The project’s extreme modernity is also evident in the difficulties encountered in bringing it to life. Some components of the lamp, as well as the telescopic mechanism, posed extremely demanding challenges – nearly impossible given the molding technologies and production methods available in the 1960s.
The creation of the Pipistrello, consequently, was anything but easy and came only at the end of a rather painful development process. It is said that the project was proposed to Elio Martinelli by Sergio Camilli, founder of Poltronova, who presented it with a phrase that has since become legendary: “Gae has this lamp she needs to make…”. The project then remained in Martinelli’s drawers for months: the telescopic stem was difficult to engineer, and the diffuser with its sinuous flaps was nearly impossible to mold.
After its debut in the Olivetti store, the Pipistrello spread its wings, becoming a cult object and establishing itself internationally. Over time, the lamp has been developed in numerous variants – initially in agreement with the designer and later continued by Martinelli Luce: aluminum finishes, reduced sizes, cordless versions, and models for workstations.
For its sixtieth anniversary, the lamp has been reissued in an elegant and striking limited-edition White Matt celebratory version.
Emiliana Martinelli has recalled how Gae Aulenti impressed those around her with her personal charisma, determination, and authority, as well as with her professional talent, which allowed her to visualize a project in its entirety from the outset, without hesitation.
The Pipistrello faithfully reflects the nature of its designer: it is not conciliatory, not decorative, not timid; it is independent, rigorous, capable of conversing with its surroundings while maintaining its autonomy without ever becoming hostile to its environment.
In the lamp, one finds much of Gae Aulenti herself: her passion for theater, for staging, for installations, as well as her absolute mastery of technical drawing and construction – a virtuous combination of imagination and rigor, freedom and order.
Today, sixty years after its creation, we can say that the Pipistrello retains all its relevance, vitality, and driving force. In fact, in the Contemporary world – in our Society of Complexity – the project finds a truly ideal habitat, thanks to its intricate nature as a rigorous micro-architecture, a scenographic object, a quasi-metaphysical figure, and a futuristic lighting device.
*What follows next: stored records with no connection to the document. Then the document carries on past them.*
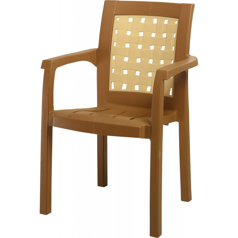Πλαστική πολυθρονα με ψιλή πλάτη τετράγωνο μπράτσο και σχέδιο στην πλάτη καφέ με μπεζ.
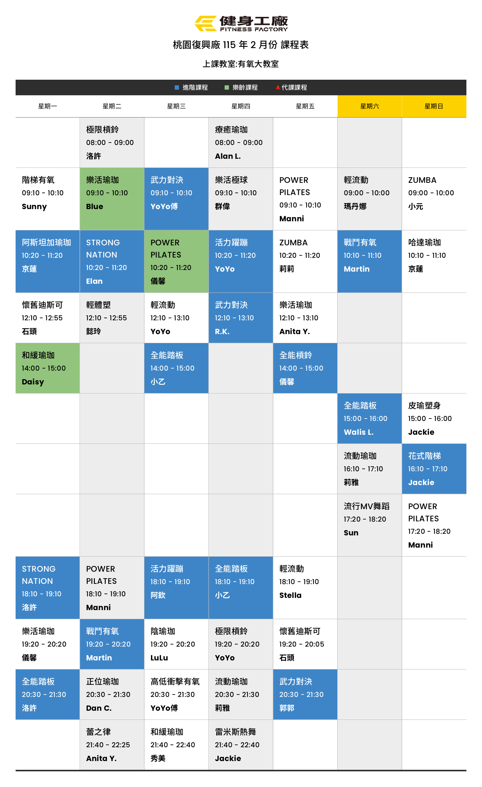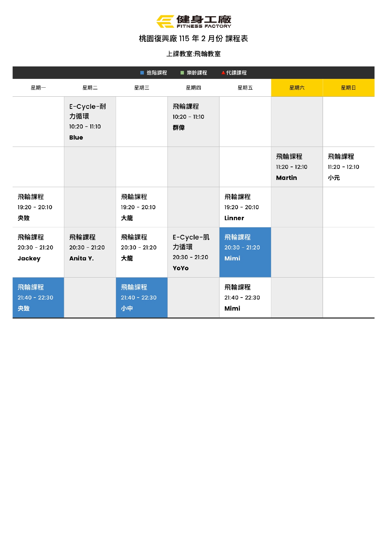 26Jan.2026【課表】復興廠-2月飛輪課表
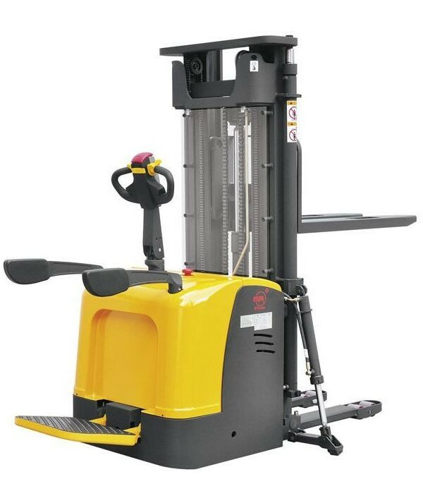 Оснащён электромагнитным тормозом. Для обеспечения устойчивости штабелера при подъеме груза на большую высоту данная модель оснащена специальными дополнительными выдвижными упорами, которые могут быть убраны при транспортировке груза в нижнем положении вил. В качестве основных преимуществ оборудования можно выделить:
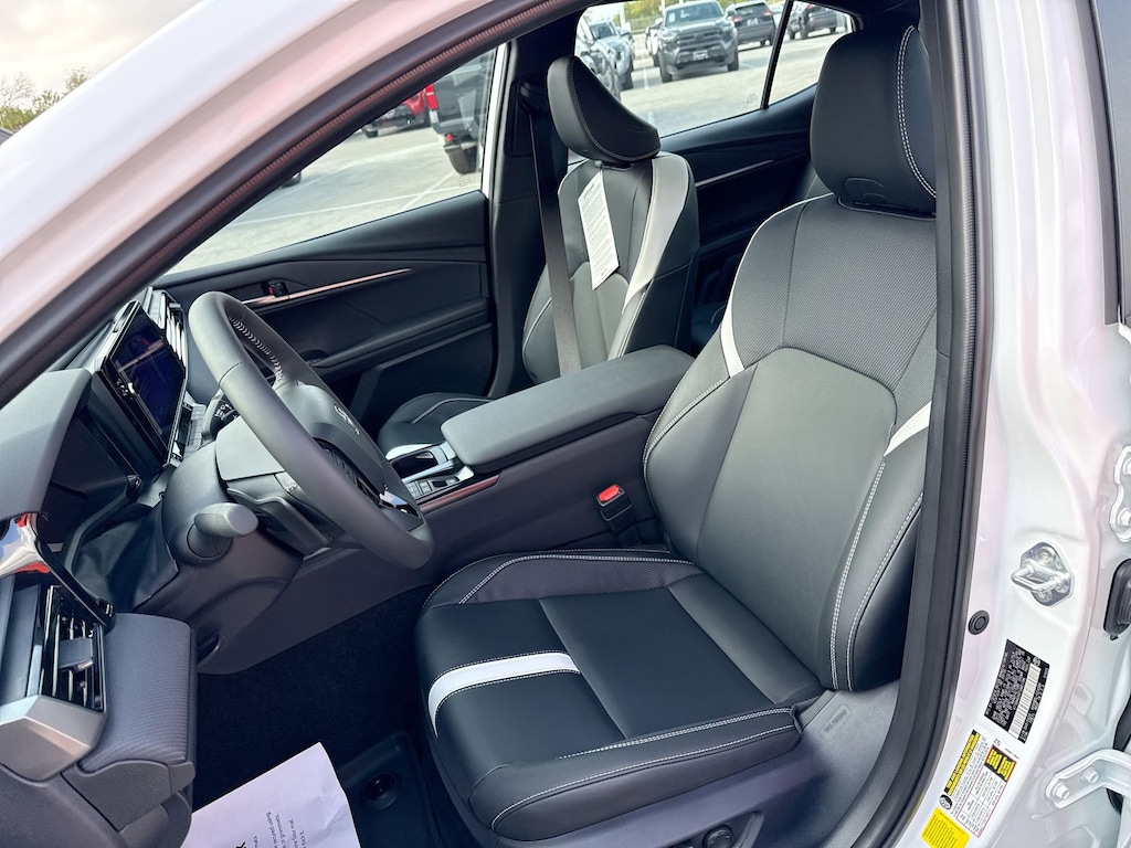 Features: Convenience Package (Auto-Dimming Rearview Mirror w/HomeLink and Smart Key System on Front Doors), Multimedia Upgrade Package (Radio: 12.3" Toyota Audio Multimedia), Preferred Package 2 w/All Weather Floor Mats (TMS), Toyota Gold Certified Certified, Black w/SofTex & Fabric Seat Trim, ABS brakes, Active Cruise Control, Alloy wheels, Electronic Stability Control, Front dual zone A/C, Heated door mirrors, Illuminated entry, Low tire pressure warning, Remote keyless entry, Traction control, 4-Wheel Disc Brakes, 6 Speakers, Air Conditioning, AM/FM radio: SiriusXM, Apple CarPlay/Android Auto, Auto High-beam Headlights, Automatic temperature control, Brake assist, Bumpers: body-color, Delay-off headlights, Driver door bin, Driver vanity mirror, Dual front impact airbags, Dual front side impact airbags, Emergency communication system: Safety Connect (5-year trial), Exterior Parking Camera Rear, Four wheel independent suspension, Front anti-roll bar, Front Bucket Seats, Front Center Armrest, Front reading lights, Front Seats, Fully automatic headlights, Knee airbag, Leather Shift Knob, Leather steering wheel, Occupant sensing airbag, Outside temperature display, Overhead airbag, Overhead console, Panic alarm, Passenger door bin, Passenger vanity mirror, Power door mirrors, Power driver seat, Power steering, Power windows, Radio data system, Radio: 8" Toyota Audio Multimedia, Rear anti-roll bar, Rear reading lights, Rear seat center armrest, Rear window defroster, Security system, SofTex & Fabric Seat Trim, Speed control, Speed-sensing steering, Split folding rear seat, Spoiler, Steering wheel mounted audio controls, Telescoping steering wheel, Tilt steering wheel, Trip computer, Turn signal indicator mirrors, Variably intermittent wipers, and Wheels: 18" Multi-Spoke Black-Finished Alloy.
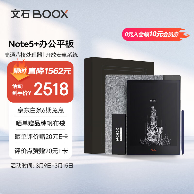 BOOX文石 Note5+ 礼盒款 智能办公本 10.3英寸电子书阅读器 墨水屏电纸书电子纸 看书电子笔记本6+128G价格:2518.00元!
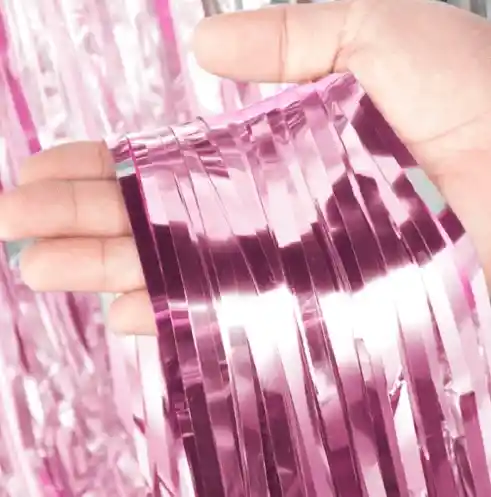 Cortina para decorar metalizada rosado tiras
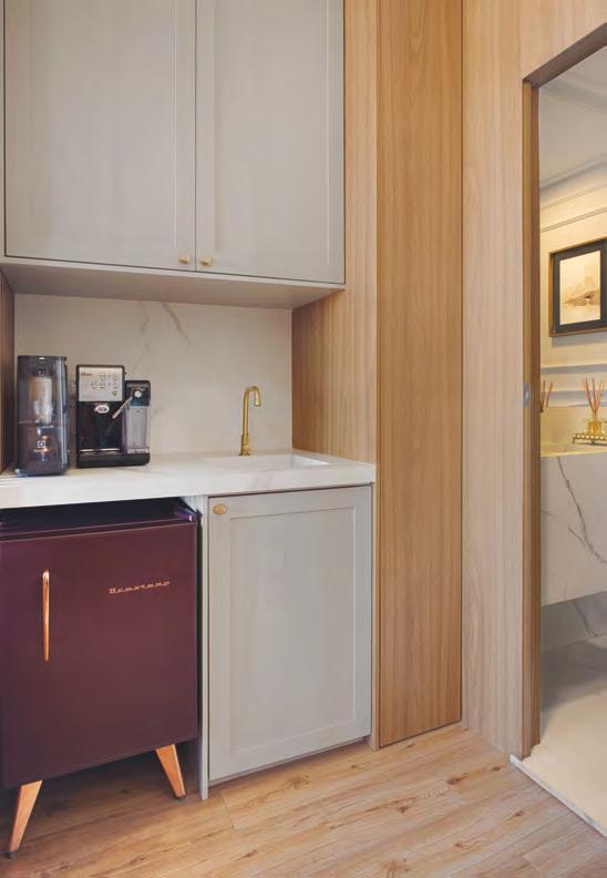 Acima, a escrivaninha com painel ripado cinza (HR Planejados) complementa o espaço de trabalho, com armários e gaveteiros no estilo provençal e poltronas (P.O. Móveis e Decorações). O gesso recebeu luminárias da CielaLuz, que forneceu também as arandelas decorativas. Para controle da luminosidade, as janelas têm persianas. Na segunda foto, a copa equipada com cafeteira e frigobar tem bancada esculpida em porcelanato marmorizado (Casa dos Construtores). A peça se estende até a parede, a torneira dourada favorece a composição junto aos armários sob medida. Ao fundo, o lavabo separado pela porta camuflada no painel de marcenaria, recebeu boiseries com pintura cinza e quadro com molduras
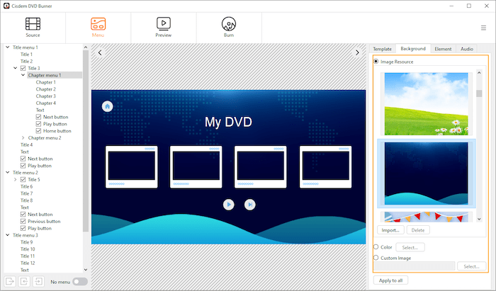 When burning videos to a DVD, a well-designed menu doesn’t just make your disc look professional, it also makes navigation easier for viewers. With Cisdem DVD Burner for Windows, you can create menus not only for DVD titles, but also for individual chapters. This guide will walk you through the steps to add and customize DVD Chapter menus on your PC.
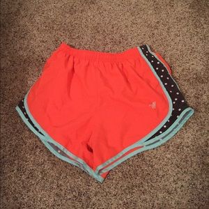 One bright orange pair with aqua trim and black and white polka dot sides, one black pair with white trim and gray sides. One is Varsity brand and the other is Soffe. Both size small. Selling them together :)
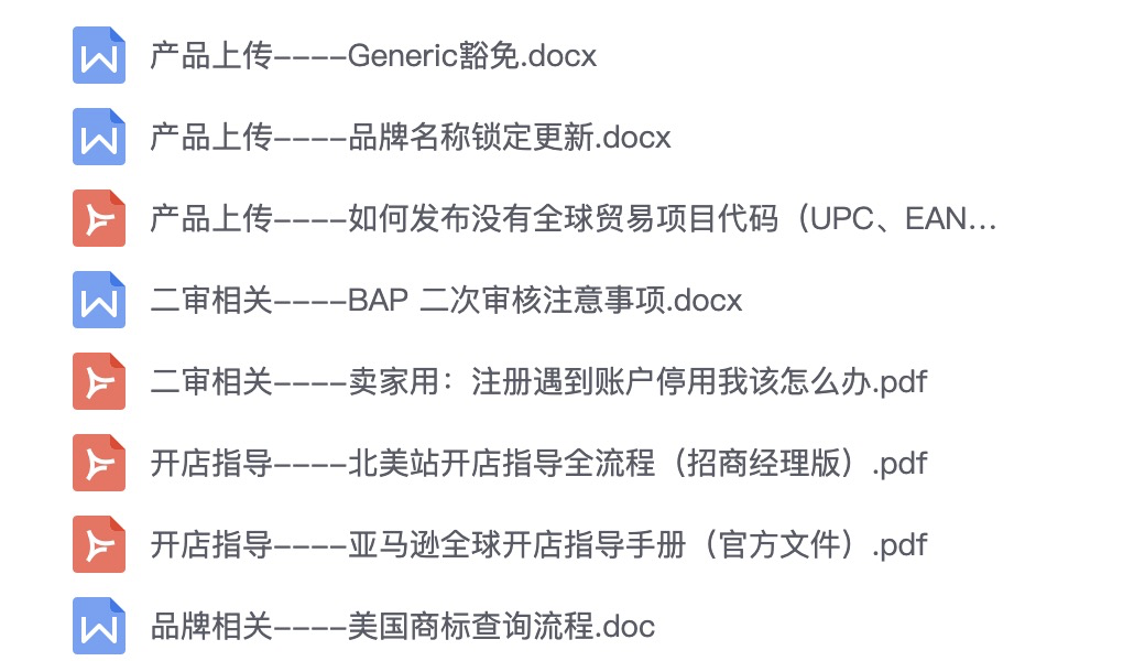 最后再来一波福利,在生财有术公众号后台回复 “亚马逊开店文件包” ,即可获得以下 8 个开店、二审、产品上传、美标查询的操作资料哈。
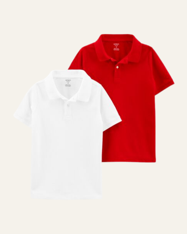 Pack de dos chombas Carter’s originales, confeccionadas en tela piqué suave con leve elasticidad para mayor comodidad y libertad de movimiento.
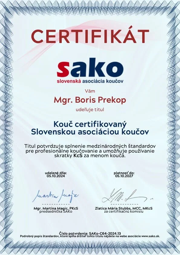 Tento certifikát je slovenským ekvivalentom medzinárodnej skúšky ACC. Znamená potvrdenie mojej profesionálnej odbornosti, ovládanie kľúčových koučovacích kompetencií a dodržiavanie etických zásad.
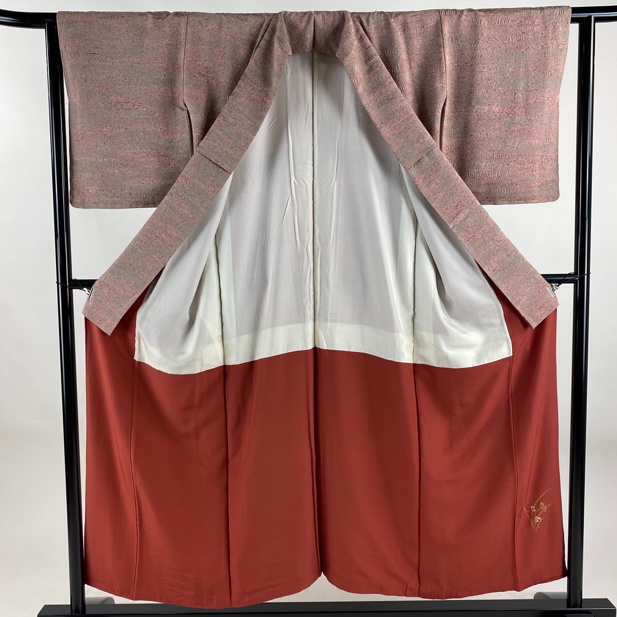| 小紋 美品 秀品 陶彩染 霞 ぼかし ピンク 袷 身丈152 裄丈61.5 S 正絹 【中古】 |

Ultimately, no one has ever captured the meaning, destiny, and essence of the Pipistrello better than its creator: “I would like an object we design to last a hundred years, because we want it that way, just as we desire an Egyptian or Mayan object. The idea of durability is, for me, a profound and moral idea. That is why a designer, even when creating an object destined for production and for a future he or she cannot fully know, must design it as though it were meant for a specific place: such is the case of my Pipistrello lamp, created many years ago for the Olivetti store in Paris.”